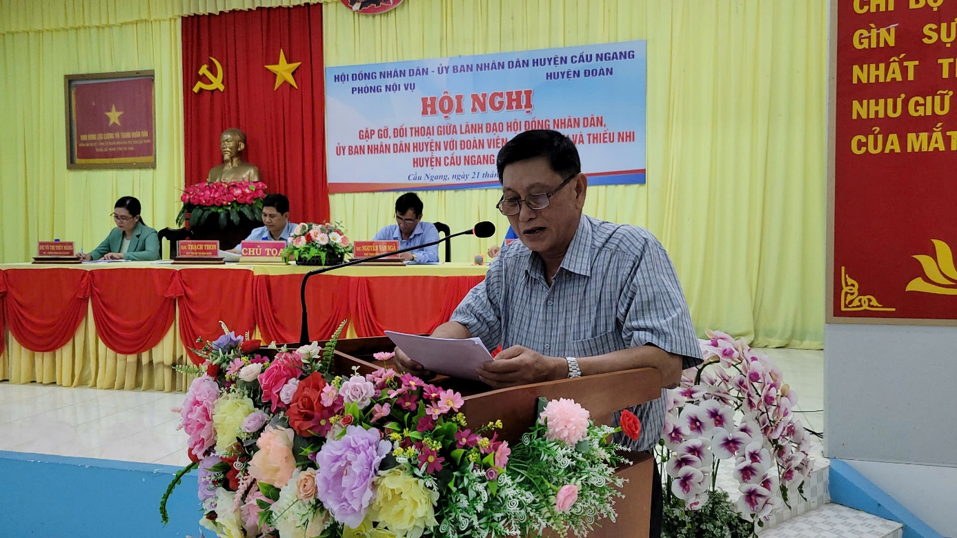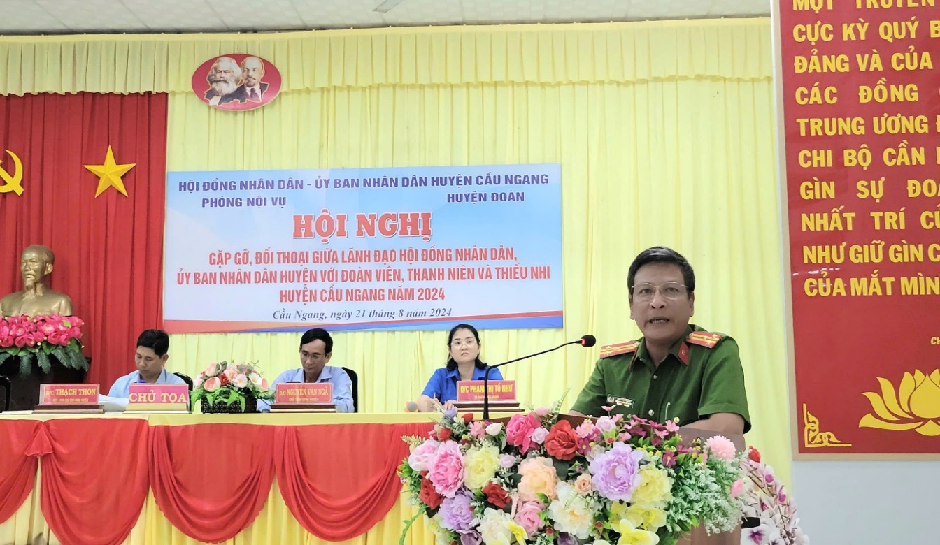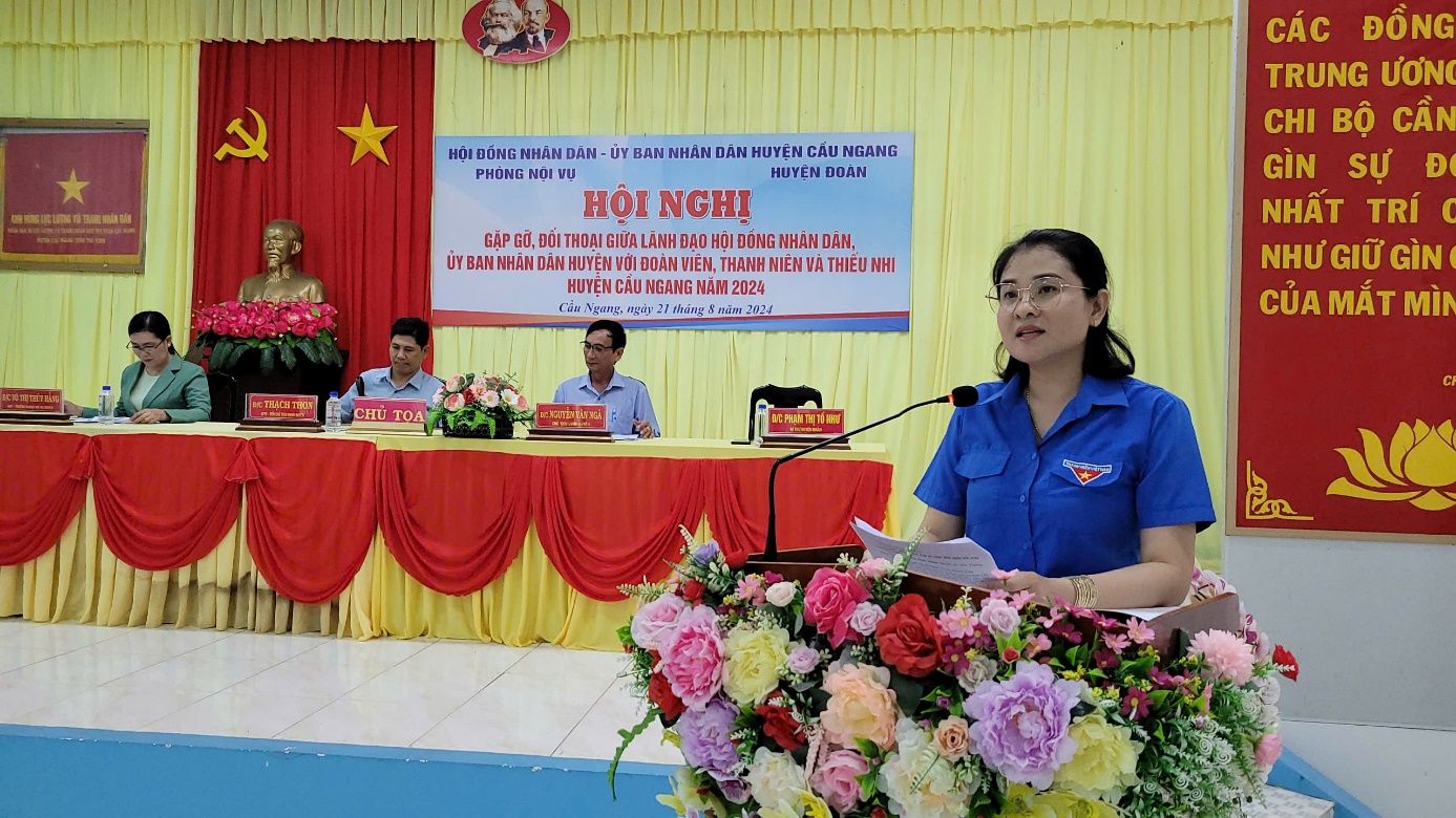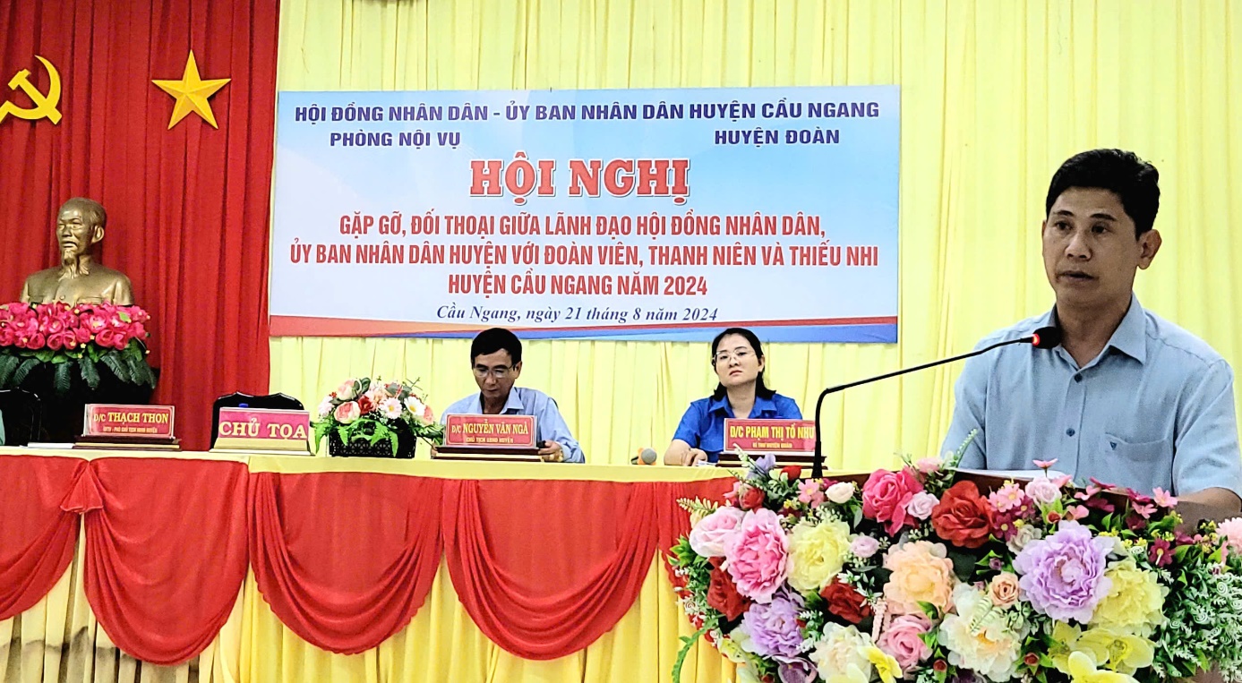 Ngày 21/8/2024, tại Hội trường Ủy ban nhân dân thị trấn Cầu Ngang, Huyện đoàn Cầu Ngang phối hợp Phòng Nội vụ tổ chức hội nghị gặp gỡ, đối thoại giữa lãnh đạo Hội đồng nhân dân, Ủy ban nhân dân huyện với đoàn viên, thanh niên và thiếu nhi năm 2024.
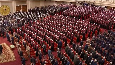 وأستأذن الدكتور أسامة الأزهري الرئيس السيسي أن تقرأ الدفعة المتخرجة وأن نقرأ جميعًا معها سورة الفاتحة قراءة جماعية توثيقًا للعهد والميثاق
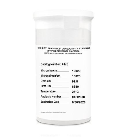 - Cada contenedor se suministra con instrucciones de calibración paso a paso, tabla de compensación de temperatura individual, información de trazabilidad y Certificado Traceable® . Se suministra como un paquete de seis. Cada One-Shot™ contiene 100 mililitros.
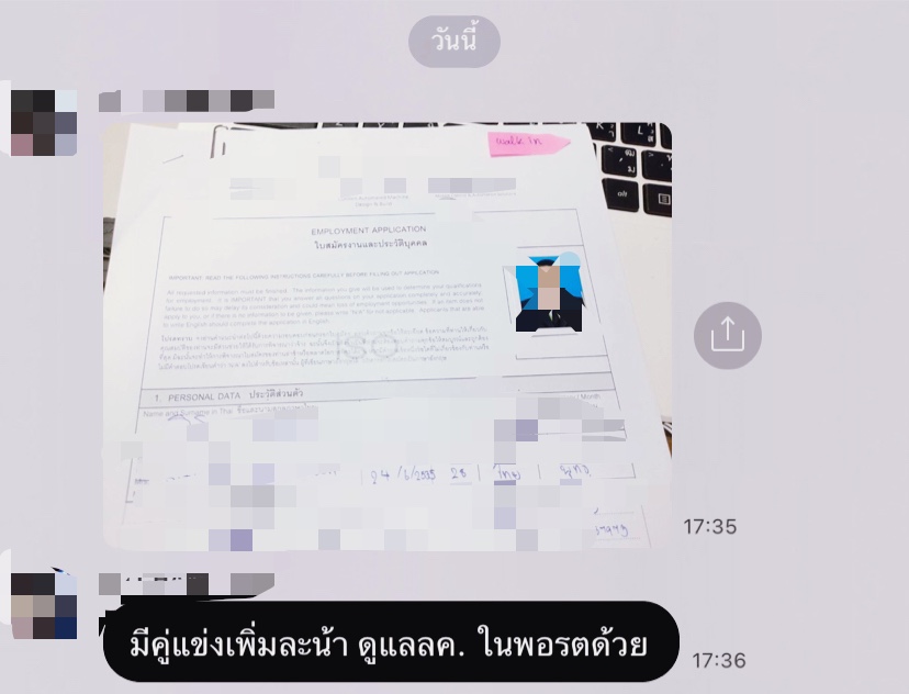 วันนี้มีเพื่อนร่วมงานคนหนึ่งแคปแล้วส่งมาให้ผมดูว่า " เห้ย บริษัท B ที่แกไปสมัครงานไว้ส่งมาให้ผู้จัดการฝั่งนี้ด้วยหว่ะ "
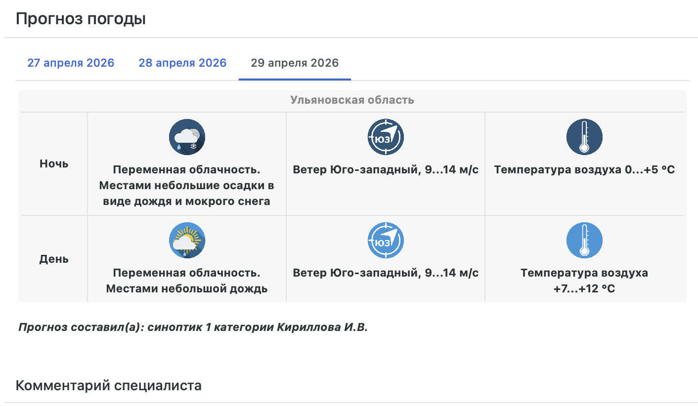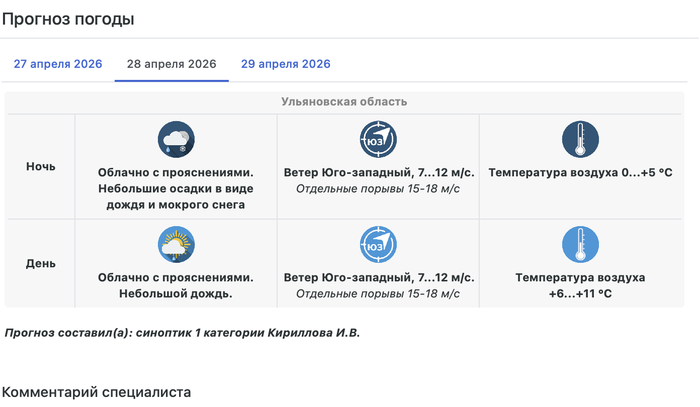 В понедельник, 27 апреля, при прохождении атмосферных фронтов очередного западного циклона на территории области ожидается дождливая ветренная погода.
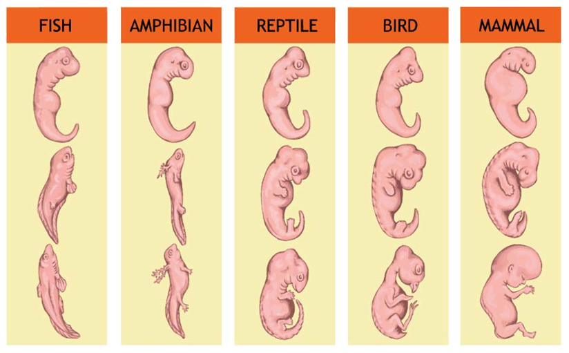 ភស្តុតាងដែលបញ្ជាក់ថាភាវៈរស់វិវត្តមានផូស៊ីលការលូតលាស់របស់អំប្រ៊ីយ៉ុងនៃសត្វប្រភេទផ្សេងៗ និងទម្រង់ដូចគ្នានៃសារពាង្គកាយ។
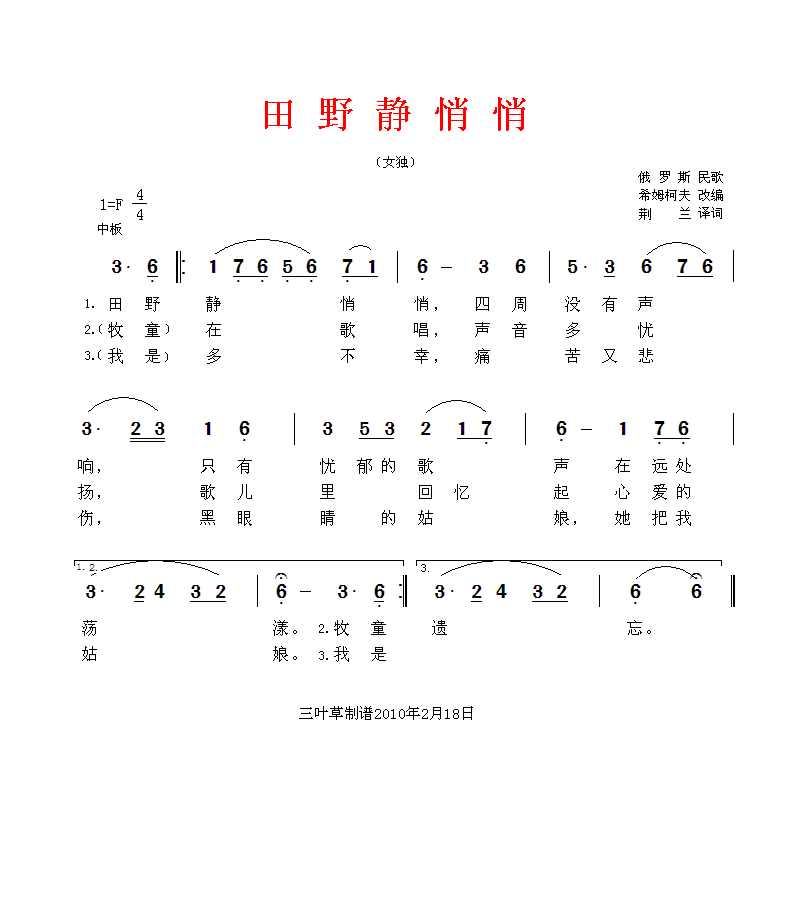 田野静悄悄 简谱 曲谱
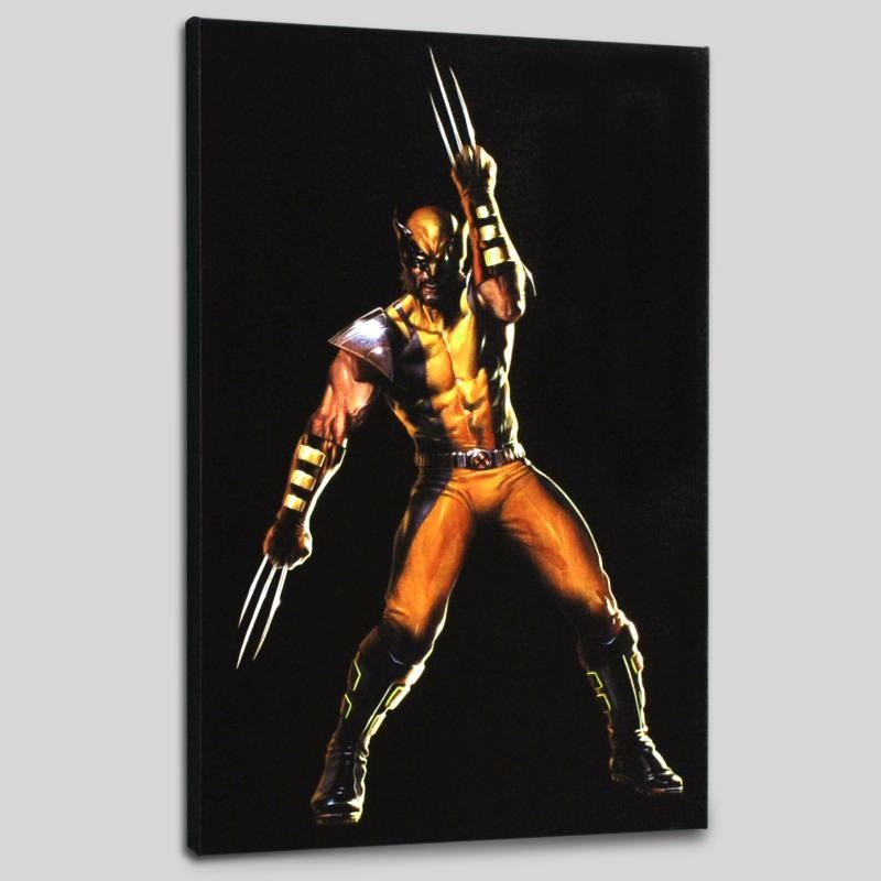 A piece of comic book history, this limited edition, from original art by Gabriele Dell'Otto, depicts heroic wild man Wolverine. In 1998 Dell'Otto started collaborating with the European division of Marvel Comics, producing covers, posters and lithographies for Italy, France and Germany. In 2002, his work was shown to the editor-in-chief of Marvel Comics, who entrusted to him with the art for the Secret War mini-series. "Secret War #2" is a limited edition numbered giclee on canvas by Gabriele Dell'Otto presented by Marvel Comics. This piece comes gallery wrapped. Includes Certificate of Authenticity! Measures approx. 18" x 27" (image); 1.5" (depth).
········
**Requirement**
In the listing above, find the line with "وأستأذن الدكتور أسامة" and the line with "田野静悄悄 简谱 曲谱". Copy exactly those lines and all between them, minus the images.

**Task solution**
 وأستأذن الدكتور أسامة الأزهري الرئيس السيسي أن تقرأ الدفعة المتخرجة وأن نقرأ جميعًا معها سورة الفاتحة قراءة جماعية توثيقًا للعهد والميثاق
 - Cada contenedor se suministra con instrucciones de calibración paso a paso, tabla de compensación de temperatura individual, información de trazabilidad y Certificado Traceable® . Se suministra como un paquete de seis. Cada One-Shot™ contiene 100 mililitros.
 วันนี้มีเพื่อนร่วมงานคนหนึ่งแคปแล้วส่งมาให้ผมดูว่า " เห้ย บริษัท B ที่แกไปสมัครงานไว้ส่งมาให้ผู้จัดการฝั่งนี้ด้วยหว่ะ "
 В понедельник, 27 апреля, при прохождении атмосферных фронтов очередного западного циклона на территории области ожидается дождливая ветренная погода.
 ភស្តុតាងដែលបញ្ជាក់ថាភាវៈរស់វិវត្តមានផូស៊ីលការលូតលាស់របស់អំប្រ៊ីយ៉ុងនៃសត្វប្រភេទផ្សេងៗ និងទម្រង់ដូចគ្នានៃសារពាង្គកាយ។
 田野静悄悄 简谱 曲谱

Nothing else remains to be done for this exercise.